I ask [Coworker #1], whose job for the shift is “help everywhere” — literally just to go around and help wherever help is needed — if she can watch my order screen for the rest of the shift while I do my list and to call me over if she needs help. She agrees and I start my list. 

A few minutes after I start, [Coworker #2], who also happens to be the son of the owner who is managing that night, comes to the back and yells — pretty sure all the other employees heard him — “(My Name), can you stop doing your list and actually watch your screen and do your job?” Doing the list is my job. “You have another two hours to do your list; you don’t have to start it right now!”

Some of the many items on this list: fill the small freezer by the fryers; fill the larger freezer that we fill the smaller freezer from; make sure all the stuff in the walk-in freezer is in place; fry about twenty tortillas — takes about thirty seconds each — into bowl shapes, which are then used to make taco salads; break down a ton of cardboard; and prepare shake toppings like cookie dough bits, brownies, raspberries, and strawberries.

The restaurant closes at 10:30, so if I were to actually take two hours, I would be there half an hour after everyone else had left. 

[Coworker #2], when he saw my screen fill up with orders, didn’t even bother calling [Coworker #1] over; fryers didn’t have any orders so she had gone to help somewhere else for a few minutes. Also, he was supposed to clean the fryers that night — we have six fryers, so it takes a while to clean them all — and he should have started at the same time I started my list, if not before. Most people who are assigned to clean fryers offer to keep an eye on the orders screen for the person on fryer so that person can go do their list, but he apparently didn’t think to offer that common courtesy. 

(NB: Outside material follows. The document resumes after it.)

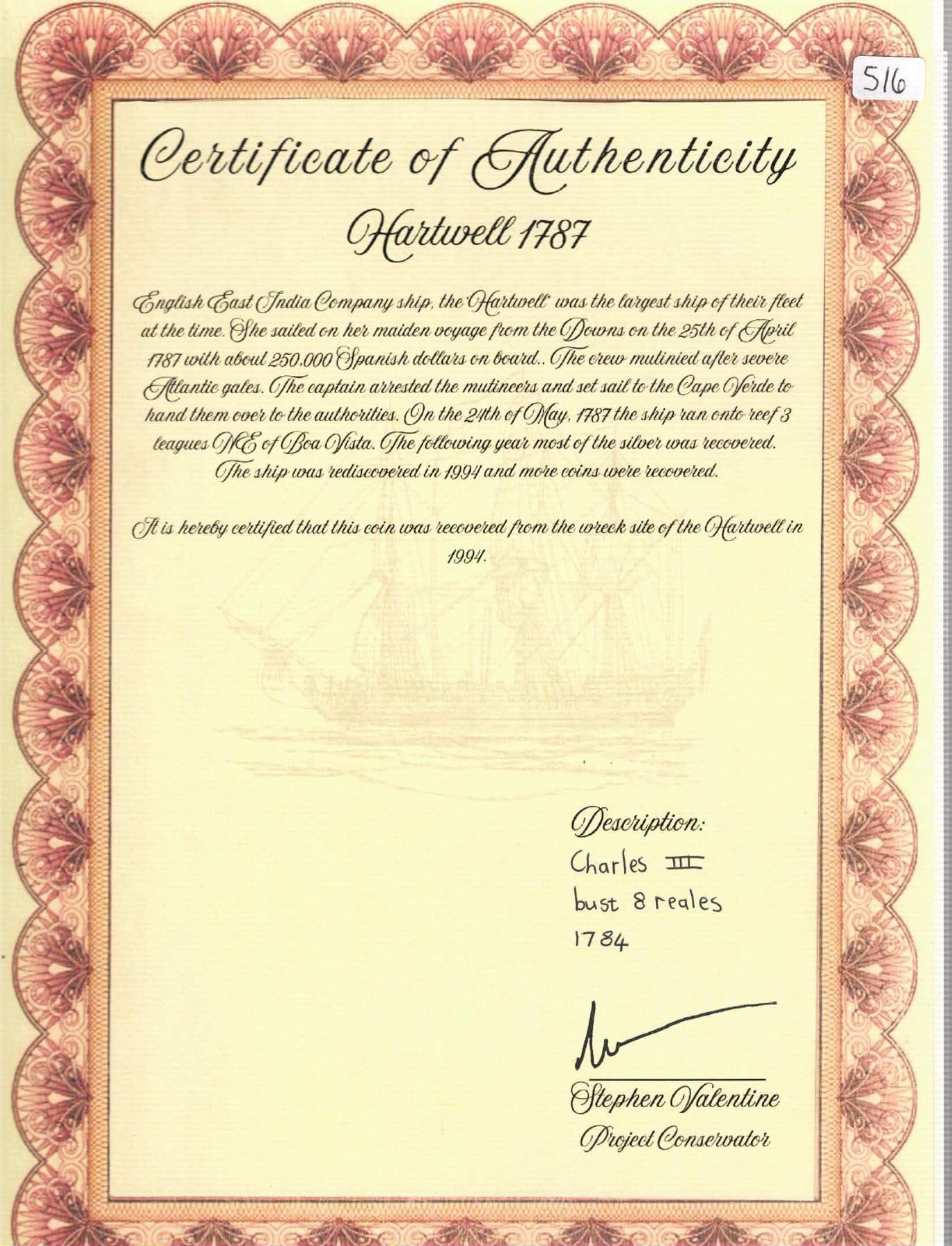 MEXICO, Mexico City, bust 8 reales, Charles III, 1784 FM. Yonaka-M8.84a; KM-106.2; Cal-1126. 23.90 grams. Bold XF details with light toning, areas of light corrosion. Pedigreed to the Steve Valentine Collection, with original certificate from the salvor/conservator. Recovered from: Hartwell, sunk in 1787 off South Africa

Anyway, I run over to start putting orders down — which he could have done in the time it took to yell at me — and just as I get there, [Coworker #1] comes back over and starts chewing out [Coworker #2], and a couple of other coworkers who had just been standing there, for not going and getting her when the screen fills up. She then tells me to screw the other guy and just keep working on my list. Remember, [Coworker #2] doesn’t actually have any authority over us, plus she has worked there longer than he has. 

Five minutes later, [Coworker #2]’s mom comes back and starts yelling at him for not starting to clean the fryers yet. Guess who left at 10:30, and guess who was still there when I left?